* [PROBLEM]: Return the data that follows exactly as it appears. Pictures do not belong in the copy.

* [DATA FOR THIS EXERCISE]:

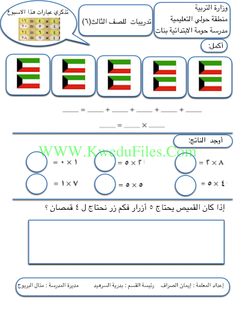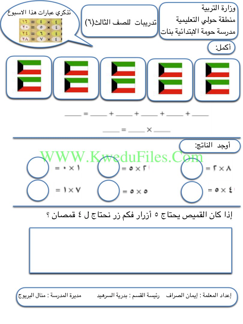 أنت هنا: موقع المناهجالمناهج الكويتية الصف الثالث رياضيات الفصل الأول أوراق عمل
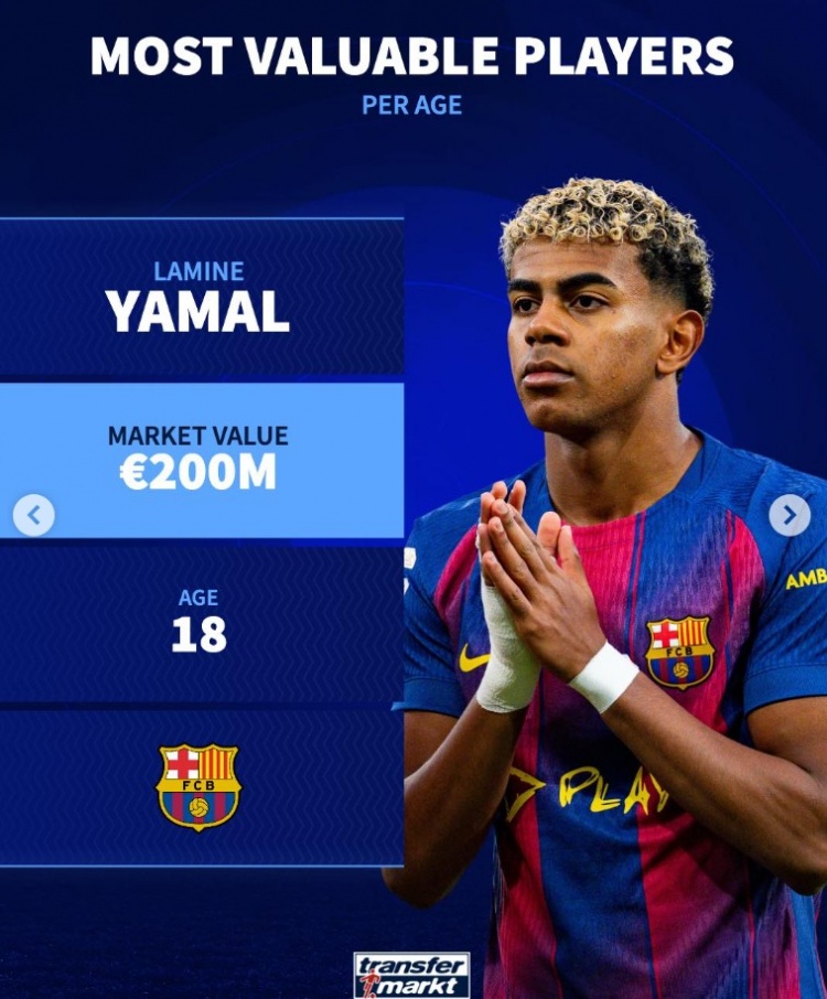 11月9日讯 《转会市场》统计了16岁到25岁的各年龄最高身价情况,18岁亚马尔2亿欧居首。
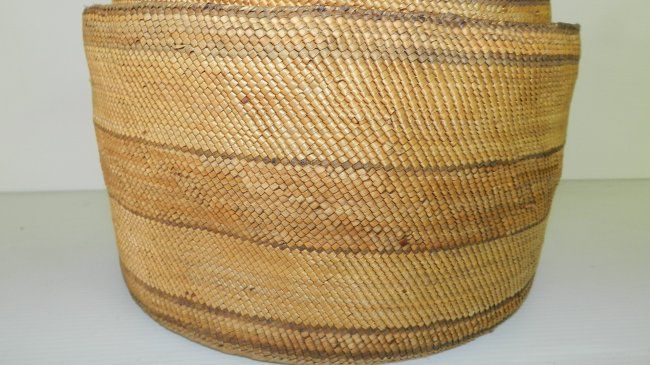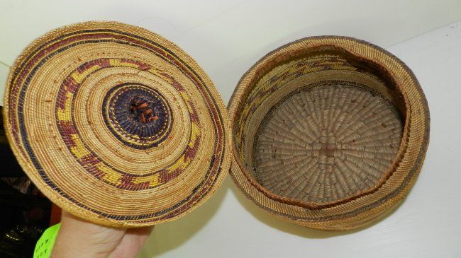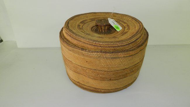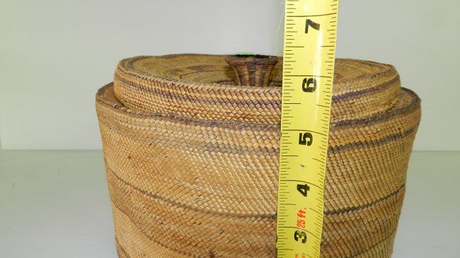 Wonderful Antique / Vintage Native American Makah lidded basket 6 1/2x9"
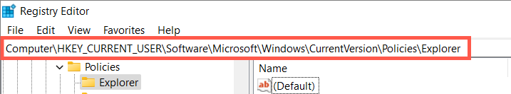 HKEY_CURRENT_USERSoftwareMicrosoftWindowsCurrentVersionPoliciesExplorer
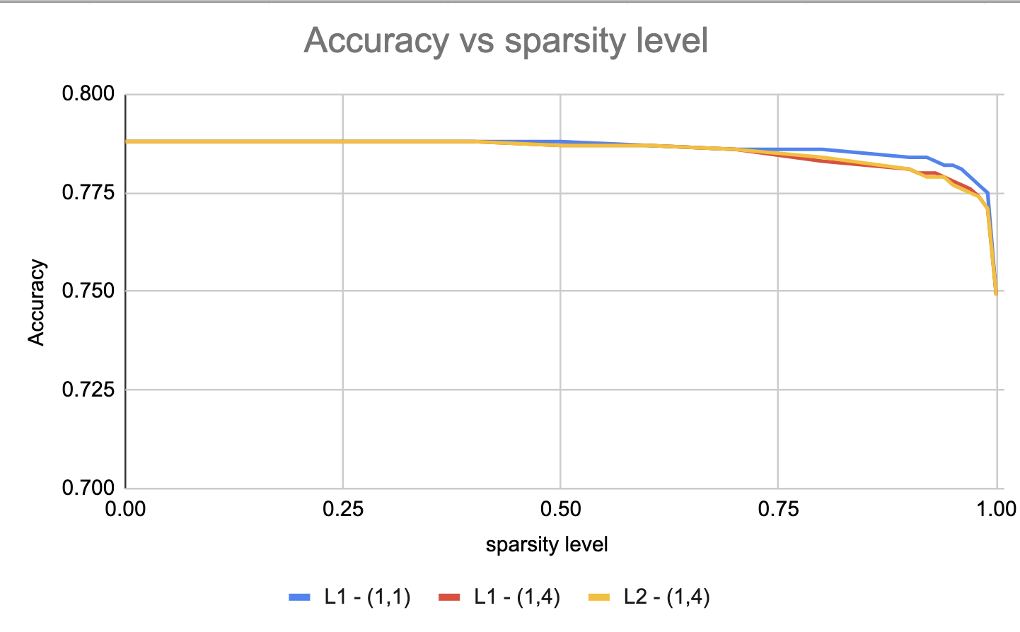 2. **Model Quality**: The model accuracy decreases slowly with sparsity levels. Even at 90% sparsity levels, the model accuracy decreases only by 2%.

* [RESPONSE TO THIS EXERCISE]:
 أنت هنا: موقع المناهجالمناهج الكويتية الصف الثالث رياضيات الفصل الأول أوراق عمل
 11月9日讯 《转会市场》统计了16岁到25岁的各年龄最高身价情况,18岁亚马尔2亿欧居首。
 Wonderful Antique / Vintage Native American Makah lidded basket 6 1/2x9"
 HKEY_CURRENT_USERSoftwareMicrosoftWindowsCurrentVersionPoliciesExplorer
 2. **Model Quality**: The model accuracy decreases slowly with sparsity levels. Even at 90% sparsity levels, the model accuracy decreases only by 2%.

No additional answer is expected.